House Of 1000 Corpses

Movie Information

Score:

Genre: Horror
Director: Rob Zombie
Starring: Bill Moseley, Sid Haig, Karen Black, Sheri Moon
Rated: R

How is it possible not to like a horror flick that boasts characters named after those in Marx Brothers movies? How can someone who grew up on late-night horror double-features not be drawn to a movie that starts with a snowy image on a TV screen of Boris Karloff in James Whale’s The Old Dark House intercut with a cheesy horror-show host called Dr. Wolfenstein (Gregg Gibbs)?

Oh, all right, so House of 1000 Corpses is set in 1977 and the once-lost Old Dark House wasn’t shown on television till quite a few years later. And that kind of unfocused carelessness is exactly the reason it’s possible not to much like House of 1000 Corpses — and the reason that hard-rocker-turned-director Rob Zombie is just a fan who’s made a film and is not actually a filmmaker.

Granted, I don’t know all that much about Mr. Zombie and I have little interest in his music (his songs in Corpses didn’t change that). I know him primarily as a horror-movie fan who, I’m told, reads some of the genre magazines I’ve written for, which makes it not surprising to find assorted clips from The Old Dark House and The Wolf Man and House of Frankenstein in his movie. And I’m the last person to kvetch at seeing — however briefly — Bela Lugosi, Fay Helm, Melvyn Douglas and Gloria Stuart on a screen in a multiplex. (Their presence in the film, in fact, is far more subversive — at least as concerns Zombie’s target audience — than any of Corpses’ excesses.) Unfortunately, these clips are housed in a pretty unpleasant movie that’s all over the map stylistically.

Oh, yes, Mr. Zombie is very clever to insert Melvyn Douglas postulating about the real Old Dark House: “Wouldn’t it be dramatic — supposing the people inside were dead — all stretched out with the lights quietly burning about them?” as a comment on the contents of his own Old Dark House, but where does he go with it? Not much of anywhere. Corpses — depending on where you are in it — is a lot like an art film, a porno loop, a gross-out horror movie, and a music video. But none of these elements — intriguing though some of them are individually — ever turn into a single coherent idea.

Mr. Z. may love the old movies, but he’s mostly remonkeyed some hybrid of a trio of Tobe Hooper movies (The Texas Chainsaw Massacre, Eaten Alive and The Texas Chainsaw Massacre 2) with weird echoes of Dan Aykroyd’s misbegotten sole directing effort, Nothing But Trouble. Sadly, the rocker/director comes closest to Aykroyd’s clunker.
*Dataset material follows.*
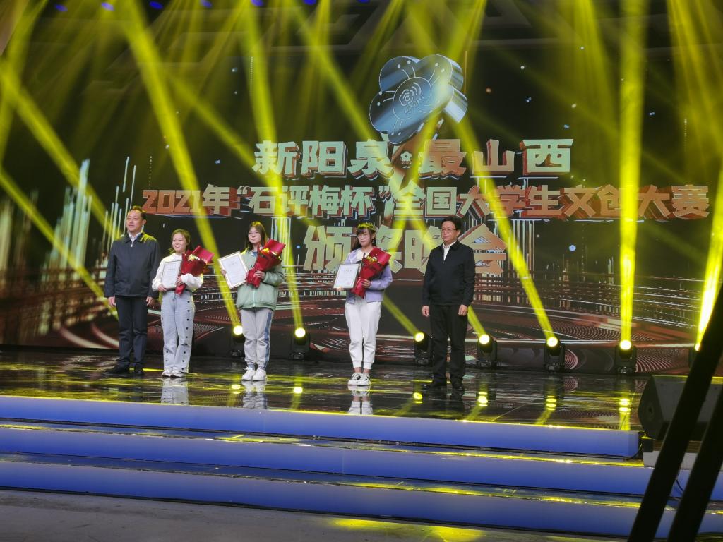 金秋十月,秋风送爽。秋天是收获的季节。10月10日晚,“新阳泉-最山西”2021年“石评梅杯”全国大学生文创大赛颁奖晚会在阳泉市广电总局圆满落下帷幕。工业系青年教师赵蓉、牛丽携6位获奖学生代表参加了颁奖晚会。本次大赛,工业系共有83名同学参加。报送了文化旅游、工艺美术、工业设计等3个类别的作品66件,其中有23件获奖。奖项有二等奖1项,三等奖3项,优胜奖6项,入围奖13项。青年教师赵蓉、牛丽获得优秀指导教师奖。收获满满,可喜可贺!

Zombie has a good grasp of the shock effect, but he seems to have completely confused the merely repellent with the scary – or, for that matter, the funny. The Hooper films’ graphic excesses were acceptable because they were part of a larger, satirical picture (Chainsaw 2 in particular was a vicious satire on the Reagan ’80s masquerading as a gory horror flick). Zombie doesn’t get this at all, dwelling lovingly on images of brutality for no apparent reason beyond the “shock value” of seeing, for instance, someone drag a joke-shop trick razor over skin, leaving behind a line of blood across a screaming actor’s face. Yeah, it’s repellent, but it’s also a big “So what?”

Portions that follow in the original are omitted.